When he slid onto the bed to place his hands on me, that chemistry I knew so well took over again, pouring its libation through my veins and pooling in parts of me that wouldn’t be denied.
Oh, hell. Once a man decides not to kill you, he gets a free pass to funland, right? That’s what I tried to tell myself as my nerve endings told me to shut up and enjoy it.
Chapter 6
Half an hour later Thomas and I lay sated beside each other. He seemed fresh, but I felt like a wrung-out rag. Snowflake eyed us from the top of my tall chest of drawers. I’d forgotten to kick him out. I wondered what he made of our gymnastics.
“That was good,” I said.
“Nearly English in its understatement.”
“That was awesome, dude.”
“There’s the American woman I know.”
“Stay away from me?”
“The Guess Who was addressing the Statue of Liberty in that song, did you know that? Protesting the Vietnam war.”

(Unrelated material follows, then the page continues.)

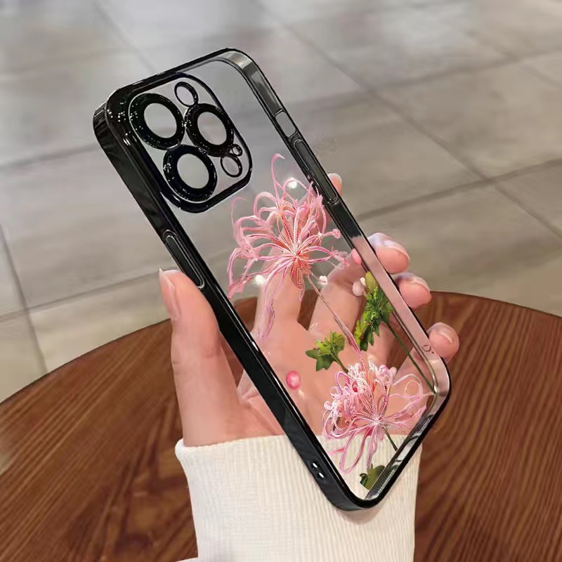 • [핑크 고스트 플라워-블랙] 렌즈 필름-전기 도금 소프트 쉘 제공

“Damn pansy Canadians. I did know that, actually. I picked up a lot of music trivia from Mom and Dad. Rock and roll was one of their shared passions.” I rolled over and buried my head on his shoulder. “Are you staying?”
“If you like.”
I mimed trying to make up my mind, index finger to my lips, and then nodded. “I like.”
“Good thing you don’t snore.”
“How would you know?”
He kissed me. “Good night, Cal.”
“Good night, John-boy.”
Morning’s light brought no mother home. Probably sleeping it off wherever she was. I wasn’t worried. Sometimes she disappeared for days, and since she refused to carry a cell phone, I’d gotten used to it. If necessary I’d go by in person to some of her closer friends, all of whom lived within a mile or two.